Conventional seal studies usually describe and map top seals; however, seal capacity characterization and modelling are becoming areas of greater focus. Understanding of lateral seal distribution and its capacity is becoming more important in characterizing stratigraphically trapped hydrocarbon accumulations.
This aims of this session are to discuss advances in the understanding and characterization of conventional and unconventional traps, top or lateral seal facies distribution, the contribution of regional stresses, diagenesis, hydro-fluid dynamics and other factors that control effective trap formation. It is also intended that data and technology that can be used in the modelling and understanding of seal formation, capacity and integrity will also be discussed.
Session 6: Integrated Charge Studies & Geological Risk Assessment
The play-based exploration approach, which is commonly applied by major E&P companies, often starts with a basin-scale investigation during which integrated charge studies are often performed. These studies are used to describe the regional context and basin framework that controls the extent and potential of the petroleum systems in which the oil and gas in a basin are generated and trapped. Petroleum systems understanding forms the basis for all subsequent play and prospect risk analyses. Petroleum systems modelling is the tool with which digital models are constructed from all of the available G&G data. These models are then used to simulate generation and entrapment processes through geologic time, allowing exploration efforts to be focused in particular areas and potentially de-risk individual targets.

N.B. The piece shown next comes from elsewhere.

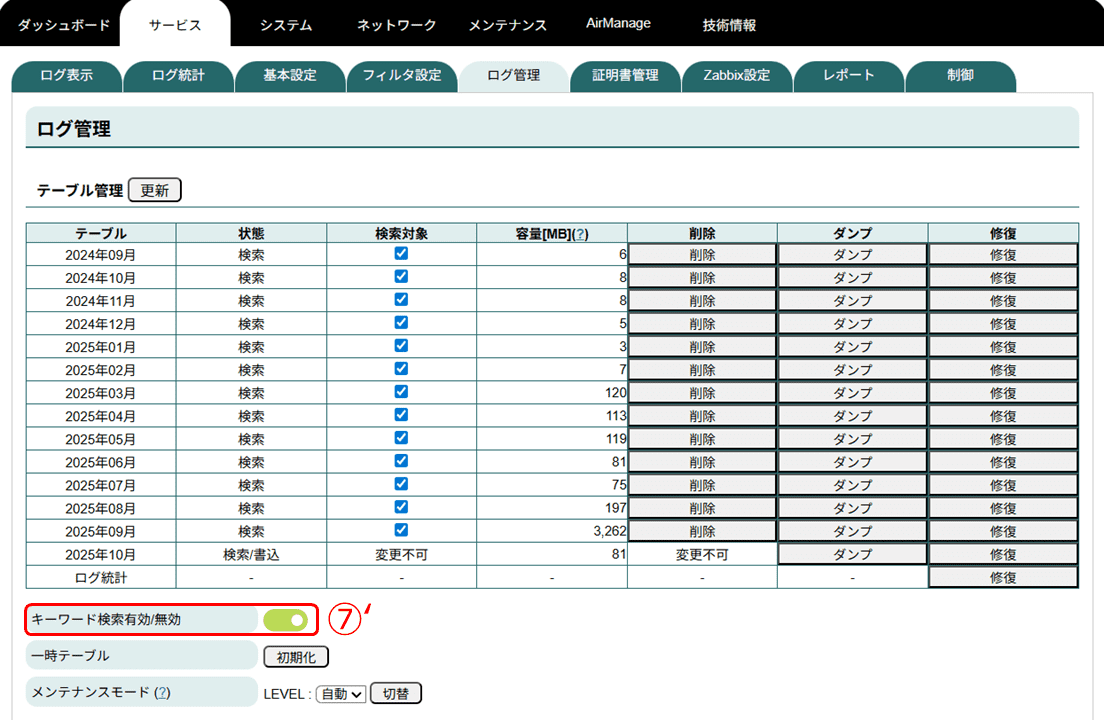 ⑦キーワードのフィルタを利用する際には、サービスのログ管理タブの⑦’ [キーワード検索有効/無効]を有効にします。

Geological risk assessment is a fundamental and integral aspect of current industry best practices in petroleum exploration. Risk describes the likelihood of something happening or not happening, or of a factor being present or absent. For example, will the reservoir be present and of sufficient quality. Uncertainty describes a situation where the expected outcome cannot be definitively predicted with a single value, because there is a range of possible outcomes. Subsurface risk and its inverse parameter, probability of hydrocarbon discovery (chance of success), are required to describe and communicate the uncertainty in the subsurface associated with the geological components and processes of a particular target or play.

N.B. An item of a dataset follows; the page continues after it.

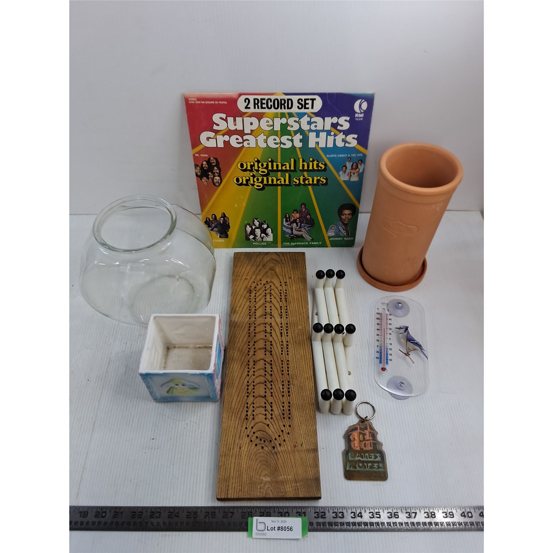 Fish Bowl, Crib Board, Earthenware Wine Cooler, Mixed Record Set, Wall Hanger, Misc.

Some of the key objectives of integrated charge studies are to help understand and evaluate the key uncertainties related to essential petroleum system elements and processes required for the petroleum system to succeed. Such studies provide essential basin and play scale information for petroleum resource assessment, prospect risking and evaluation. Additionally, integrated charge studies support the establishment of an integrated basin-play-prospect portfolio to enable properly informed corporate decision making.
In order to meet the challenges of modern, complex prospects and play types, the industry needs to continue to develop new approaches to assist in the evaluation of risks associated with the petroleum system. The rigorous understanding of all of the elements and process will enable the quantification and reduction of the uncertainty and risks associated with exploration.
This session aims to focus on integrated charge studies and their broad application in further understanding petroleum systems. Particular areas of focus include their ability to help address risk assessment challenges through the use of high resolution petroleum system models, automatic calibration of numerical petroleum system models, application of machine learning methods, multi-scale (from basin to prospect) process-based models, prediction of the reservoir fluid properties, sensitivity analysis and quantitative risk assessment of multiple modelling realizations.